- Education: Ph.D. applied physics, Yale University, 1994 B.Sc. physics, State University of New York at Stony Brook, 1987
- Known for: applications of infrared microspectroscopy to biological specimens and materials science
- Scientific career
- Fields: Physics
- Institutions: University of Wisconsin at Milwaukee

= Carol Hirschmugl =

Carol Hirschmugl, is professor of physics at the University of Wisconsin at Milwaukee, principal investigator at the Synchrotron Radiation Center, and director of the Laboratory for Dynamics and Structure at Surfaces. She received her B.Sc. in physics from State University of New York at Stony Brook in 1987 and her applied physics PhD from Yale University in 1994. She has received an Alexander von Humboldt grant, a University of California President's Postdoctoral Fellowship, multiple National Science Foundation Grants, a Research Corporation Research Innovation Award, and a UWM Research Growth Initiative. She is notable for her research in applications of infrared microspectroscopy to biological specimens and materials science at the Lawrence Berkeley National Laboratory, Brookhaven National Laboratory, and the Synchrotron Radiation Center.

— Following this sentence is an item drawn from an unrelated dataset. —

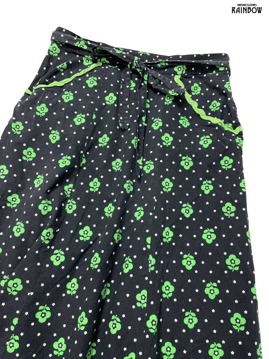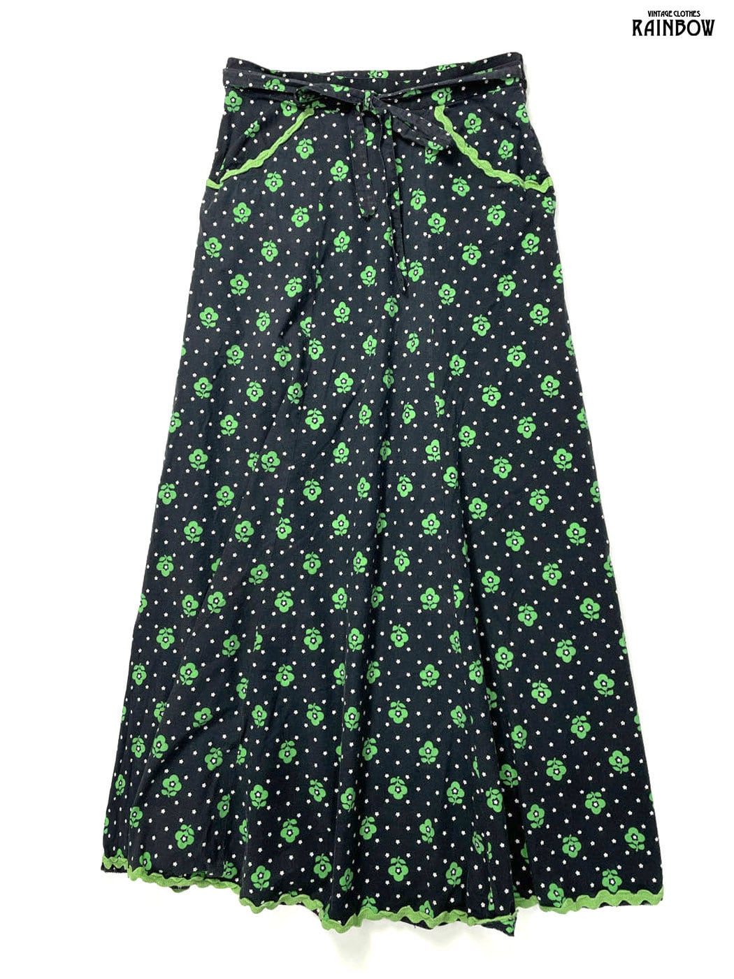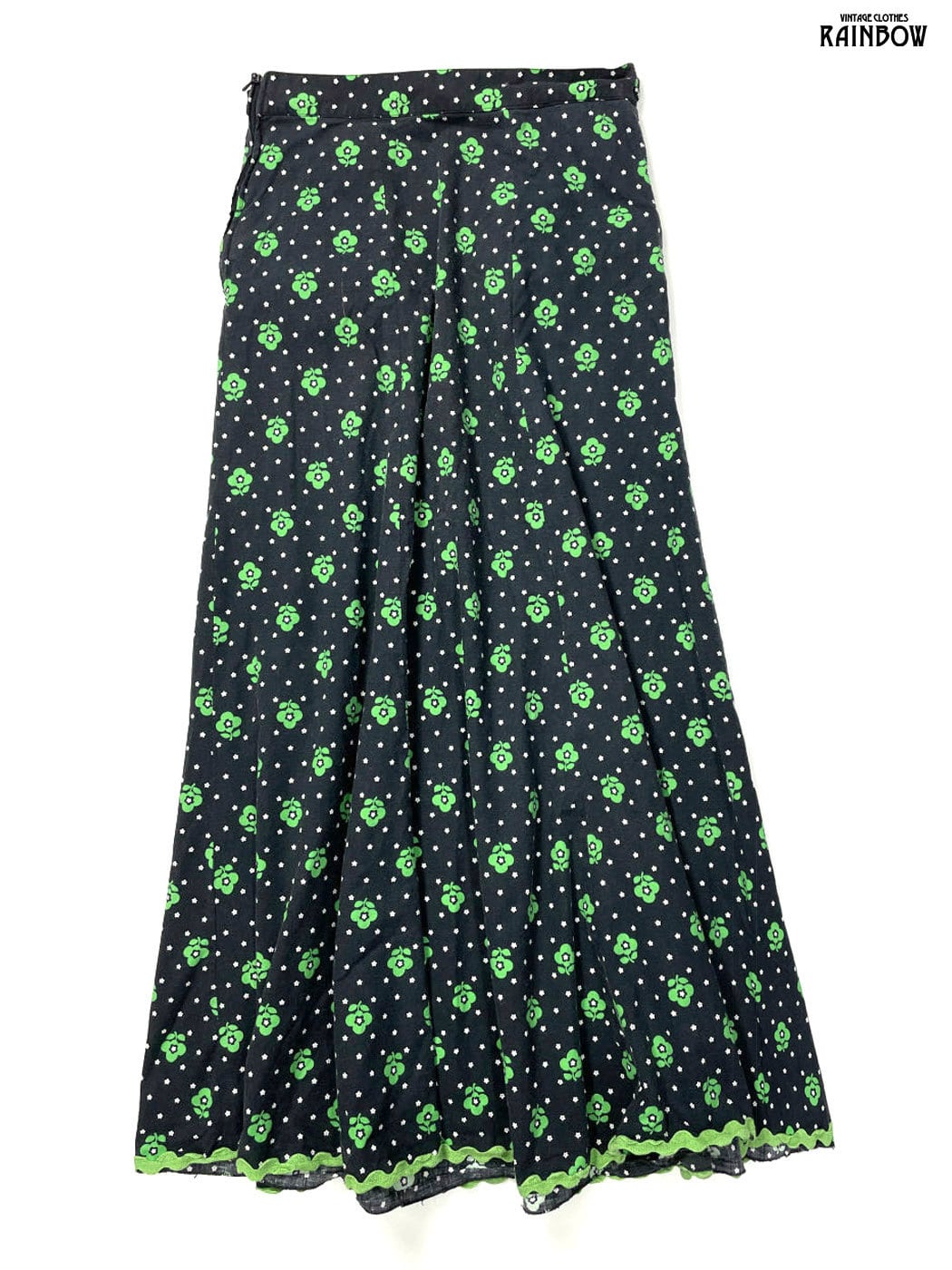 古着 リボン 花柄 コットン ロング丈 スカート 黒 (btu2601092)

Results from her research have revealed a complex interplay between the electrons in a metallic substrate and the vibrations in molecules adsorbed on the surface. For example, Hirschmugl found that when certain vibrations of the adsorbate relax (decay), they create electronic excitations in the metal. Previously, it had been believed that these decaying vibrations would only create other vibrations.